Stachelzellkrebs (Plattenepithelkarzinom): Anzeichen, Abklärung und Behandlung

Eine raue, schuppige Stelle, die einfach nicht abheilen will – solche Hautveränderungen können harmlos sein, manchmal stecken aber ernstere Ursachen dahinter. Der Stachelzellkrebs gehört zum sogenannten weissen Hautkrebs und ist in der Schweiz weit verbreitet. Die gute Nachricht: Früh erkannt, ist er meist gut behandelbar. In diesem Ratgeber erfährst du, was Stachelzellkrebs ist, woran du Anzeichen erkennst, wann eine ärztliche Abklärung sinnvoll ist und welche Behandlungs- und Vorbeugemöglichkeiten es gibt.

Was ist Stachelzellkrebs?

Stachelzellkrebs ist eine bösartige Hautveränderung, die in den oberen Schichten der Haut entsteht und in der Fachsprache Plattenepithelkarzinom genannt wird. Weitere gebräuchliche Bezeichnungen sind Spinaliom oder spinozelluläres Karzinom. Das Plattenepithelkarzinom ist nach dem Basalzellkarzinom die zweithäufigste Art von Hautkrebs und entwickelt sich gewöhnlich an Hautstellen, die der Sonne ausgesetzt sind, kann aber überall auf der Haut oder im Mund wachsen [3].

Gemeinsam mit dem Basalzellkarzinom (Basaliom) und Krebsvorstufen wie der aktinischen Keratose zählt das Spinaliom zum «weissen» oder «hellen» Hautkrebs. Davon abzugrenzen ist der schwarze Hautkrebs, das Melanom [1]. Plattenepithelzellen, auch Keratinozyten genannt, sind wichtige strukturgebende Zellen der äusseren Hautschicht; beim Plattenepithelkarzinom handelt es sich um eine Krebserkrankung dieser Zellen [3]. Hauptauslöser ist über viele Jahre einwirkende UV-Strahlung, die das Erbgut der Hautzellen schädigt [2][6].

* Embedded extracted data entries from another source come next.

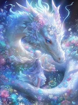 天から舞い降りる白龍と桜の女神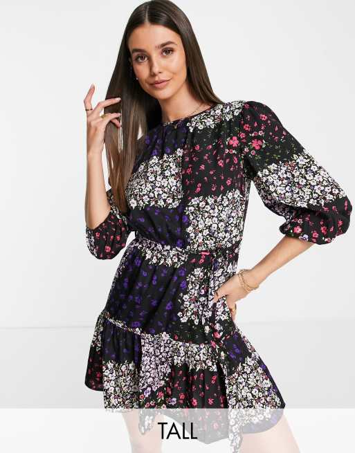 Violet Romance Tall - Minikjole med bindebånd i taljen og patchwork-design med blomstermønster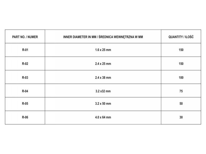 Set includesstraight pins x555 (1.6x25 mm x150, 2.4x25 mm x150, 2.4x38 mm x100, 3.2x32 mm x75, 3.2x50 mm x50, 4x64 mm x30)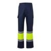 „Dwukolorowe spodnie z diagonalu (190g/m²), wykonane z bawełny (20%) i poliestru (80%). Elastyczny pas, z odblaskowymi paskami na dole spodni i pięcioma kieszeniami (2 kieszenie francuskie, 2 boczne kieszenie mieszkowe i 1 kieszeń z tyłu). Produkt zgodny z rozporządzeniem UE 2016/425, certyfikowany przez EN20471 i klasę Nº 1. Rozmiar: S, M, L, XL, 2XL, 3XL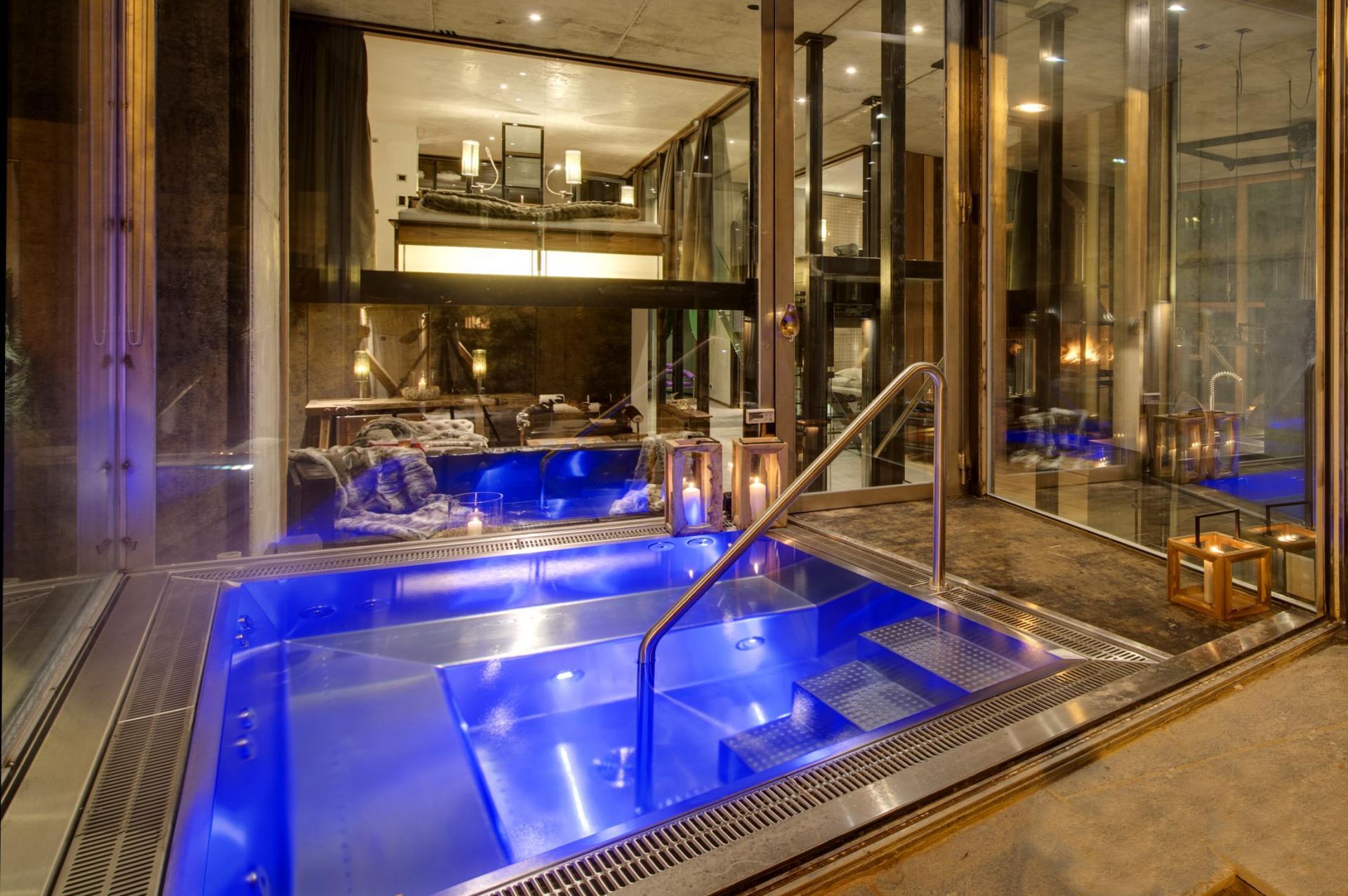 After an exhilarating day of hiking or mountain biking, guests can take in the latest movie in the chalet's dedicated cinema or relax with a glass of champagne in the indoor hot tub. The hot tub is encased by windows, allowing the spectacular back-drop to fill your senses. However, if this isn't enough, with the touch of a button the glass wall can be opened and the indoor hot tub is magically transformed into an outdoor one.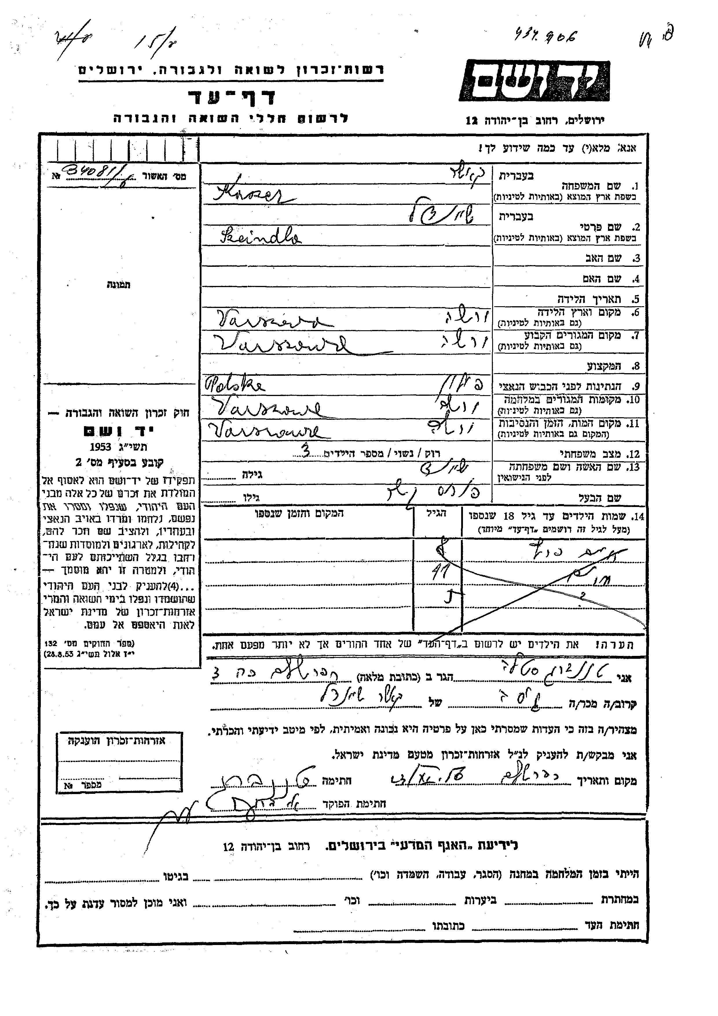 Yad Vashem - Pages of Testimony Names Memorial Collection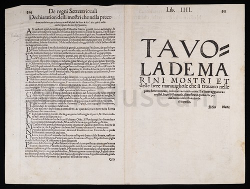 De regni Settentrionali. Monstri marini & terrestri, che si trouvano in orgni … Uncolored engraving depicting a sea full of various chimeric monsters, and in …

Gut zu wissen: Wer beruflich viel im Freien arbeitet, kann weissen Hautkrebs unter bestimmten Voraussetzungen in der Schweiz als Berufskrankheit anerkennen lassen [7]. Konsequenter UV-Schutz am Arbeitsplatz ist deshalb auch aus arbeitsmedizinischer Sicht relevant.

Wie sieht Stachelzellkrebs aus?

Stachelzellkrebs zeigt sich meist als raue, schuppige oder verkrustete Stelle, die nicht abheilt und manchmal blutet. Das Spinaliom erscheint zunächst als schuppige, leicht krustig belegte Hautveränderung oder als derbes kleines Knötchen; es können sich Verhornungen bilden, die sich schwer entfernen lassen und darunter leicht zu bluten beginnen [6].

Ein Plattenepithelkarzinom entsteht bevorzugt an sonnenexponierten Stellen wie Gesicht, Hals, Ohren oder Handrücken [6]. Es kann aber auch an den Lippen oder – bei wenig Haar – auf der Kopfhaut auftreten. Die Symptome sind anfangs oft unauffällig und unterscheiden sich je nach Lokalisation; Plattenepithelkarzinome sind meist schmerzlos und fühlen sich hart an [3]. Schmerzen treten in der Regel erst auf, wenn die Stelle verletzt ist oder fortgeschritten ist.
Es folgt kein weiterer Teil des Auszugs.